Records from a collection:
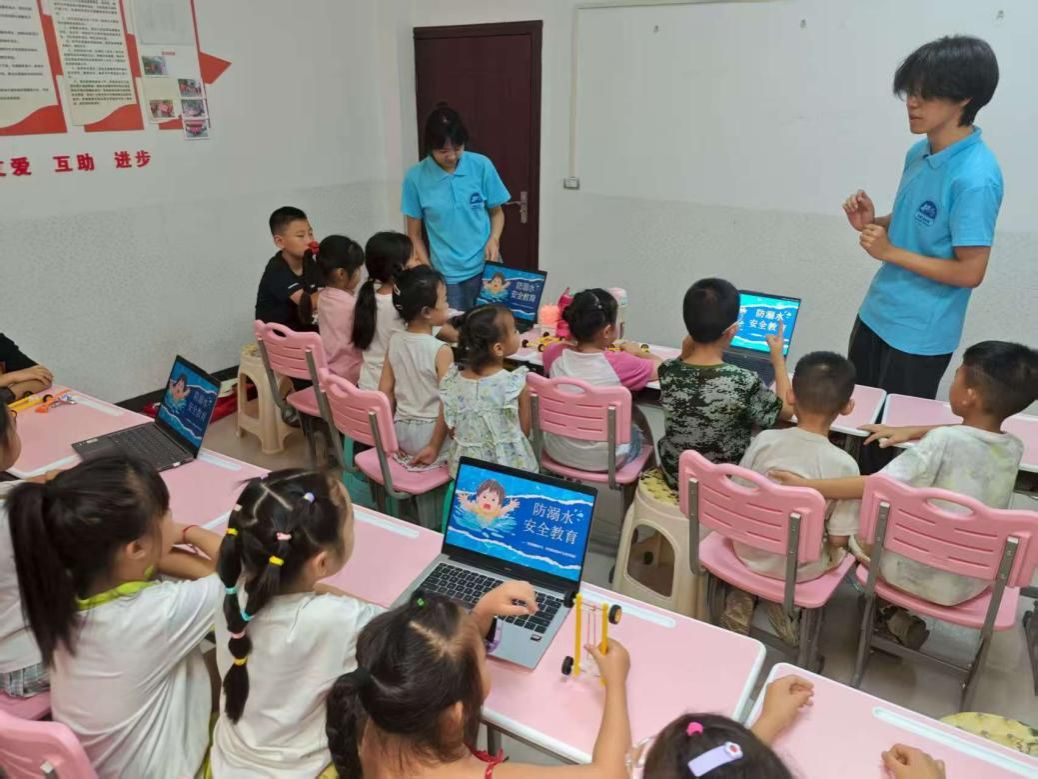 实践团发挥美育专长,精心筹备防溺水知识课。色彩明快、画面活泼的主题PPT ,搭配生动的安全教育动画短片,成功吸引了孩子们的注意力 。团队将 “不私自下水游泳”“遇溺不盲目施救” 等防溺水 “六不准” 知识,用简单易懂的动画形式表现出来,让严肃的安全知识变得轻松有趣,帮助小朋友们快速理解并牢记防溺水要点。
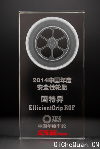 2014年9月2日,中国上海——近日,屡获嘉奖的固特异御乘再传喜讯,在《汽车族》杂志主办的“2014中国年度车轮”评选中,固特异御乘缺气保用轮胎(Eagle EfficientGrip ROF)荣膺“2014中国年度安全性轮胎”称号。
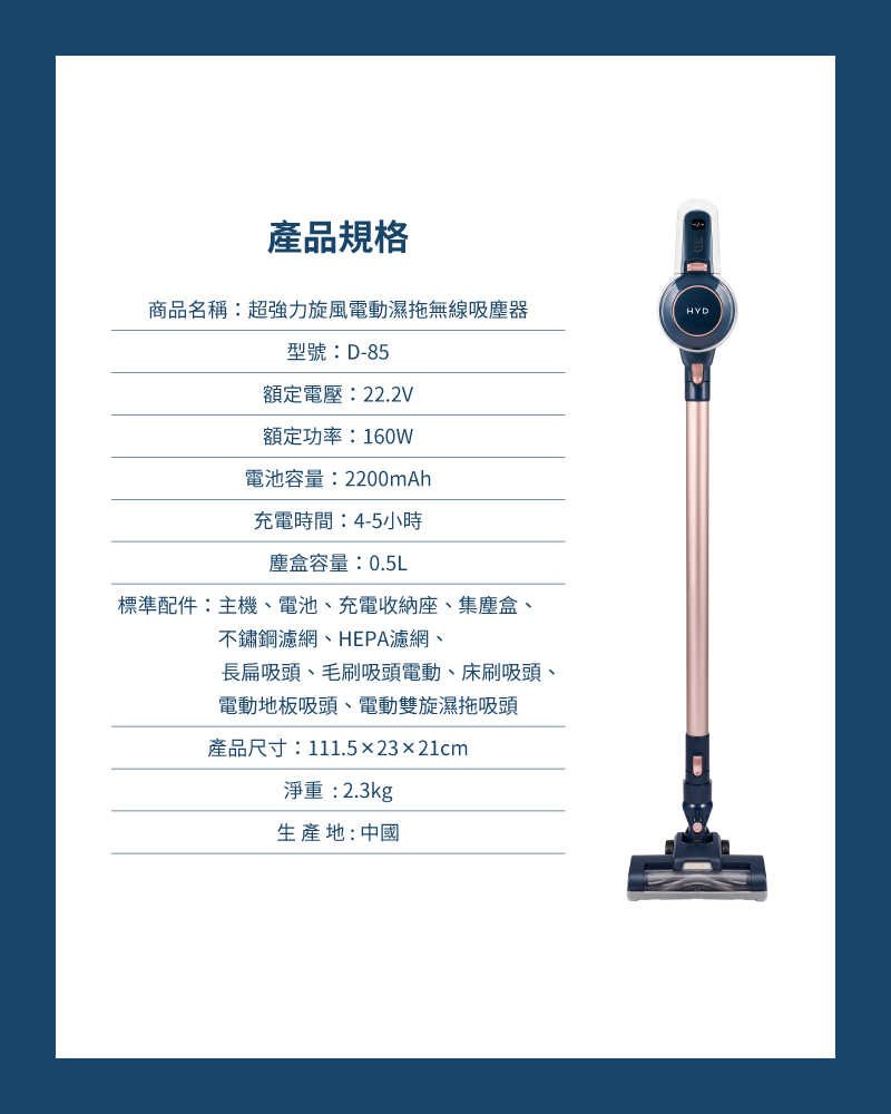 HYD 超強力旋風電動濕拖無線吸塵器 D-85A
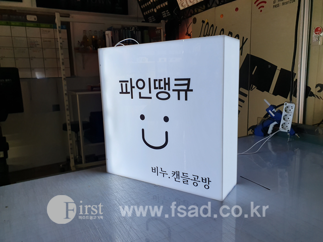 아크릴 간판의 핵심인 아크릴을 이용하여 간판을 만들고
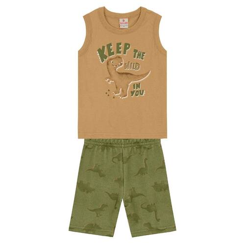 Transforme o visual do seu pequeno com o incrível conjunto infantil masculino da Brandili! Composto por uma regata em meia malha, apresenta uma divertida estampa em puff de dinossauro que vai encantar os meninos. A bermuda em moletinho, com estampa similar e cós elástico, garante conforto e liberdade de movimento. Ideal para os dias quentes, esse look versátil é perfeito para brincadeiras e passeios. Aposte nesse conjunto e veja seu bebê arrasar com estilo e diversão!
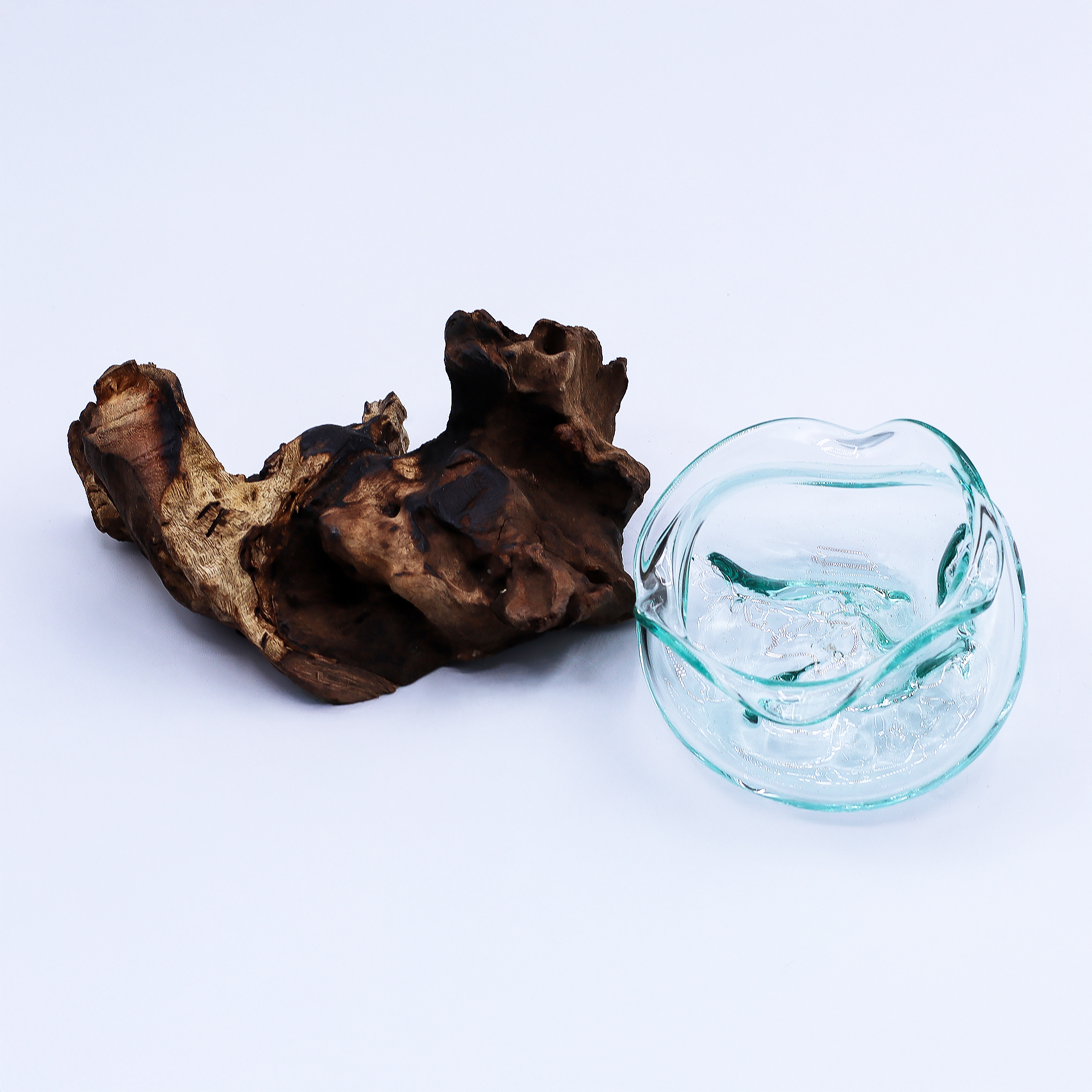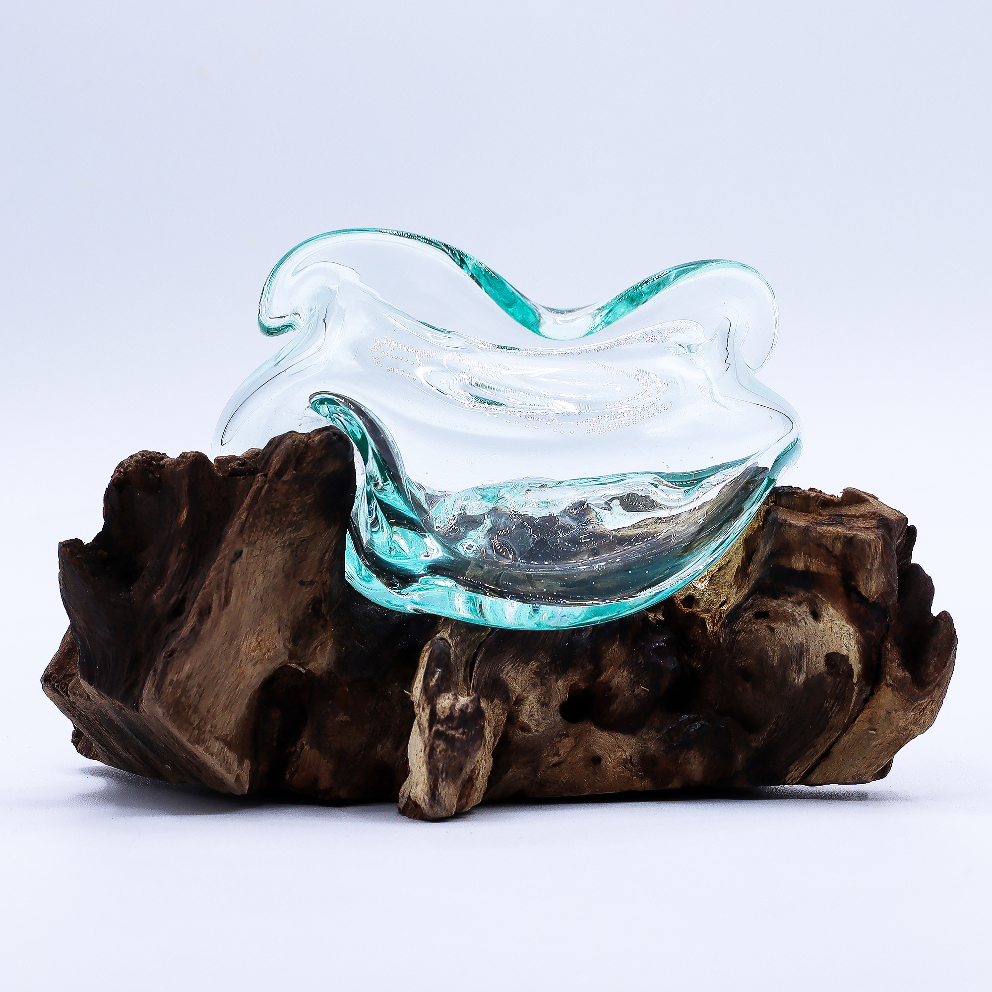 Eleve a sua coleção com a nossa Taça Ondulada de Vidro Fundido sobre Madeira, uma peça que combina artesanato e sustentabilidade. Feita à mão na Indonésia com vidro reciclado moldado diretamente sobre madeira recuperada de Gamal, cada peça é totalmente única. As ondulações e curvas orgânicas do vidro encaixam naturalmente na base, criando um efeito escultórico que se destaca em qualquer exposição.

▸ **PROBLEM**: Drop the pictures and copy the data exactly.

▸ **SOLVED PROBLEM**:
 实践团发挥美育专长,精心筹备防溺水知识课。色彩明快、画面活泼的主题PPT ,搭配生动的安全教育动画短片,成功吸引了孩子们的注意力 。团队将 “不私自下水游泳”“遇溺不盲目施救” 等防溺水 “六不准” 知识,用简单易懂的动画形式表现出来,让严肃的安全知识变得轻松有趣,帮助小朋友们快速理解并牢记防溺水要点。
 2014年9月2日,中国上海——近日,屡获嘉奖的固特异御乘再传喜讯,在《汽车族》杂志主办的“2014中国年度车轮”评选中,固特异御乘缺气保用轮胎(Eagle EfficientGrip ROF)荣膺“2014中国年度安全性轮胎”称号。
 HYD 超強力旋風電動濕拖無線吸塵器 D-85A
 아크릴 간판의 핵심인 아크릴을 이용하여 간판을 만들고
 Transforme o visual do seu pequeno com o incrível conjunto infantil masculino da Brandili! Composto por uma regata em meia malha, apresenta uma divertida estampa em puff de dinossauro que vai encantar os meninos. A bermuda em moletinho, com estampa similar e cós elástico, garante conforto e liberdade de movimento. Ideal para os dias quentes, esse look versátil é perfeito para brincadeiras e passeios. Aposte nesse conjunto e veja seu bebê arrasar com estilo e diversão!
 Eleve a sua coleção com a nossa Taça Ondulada de Vidro Fundido sobre Madeira, uma peça que combina artesanato e sustentabilidade. Feita à mão na Indonésia com vidro reciclado moldado diretamente sobre madeira recuperada de Gamal, cada peça é totalmente única. As ondulações e curvas orgânicas do vidro encaixam naturalmente na base, criando um efeito escultórico que se destaca em qualquer exposição.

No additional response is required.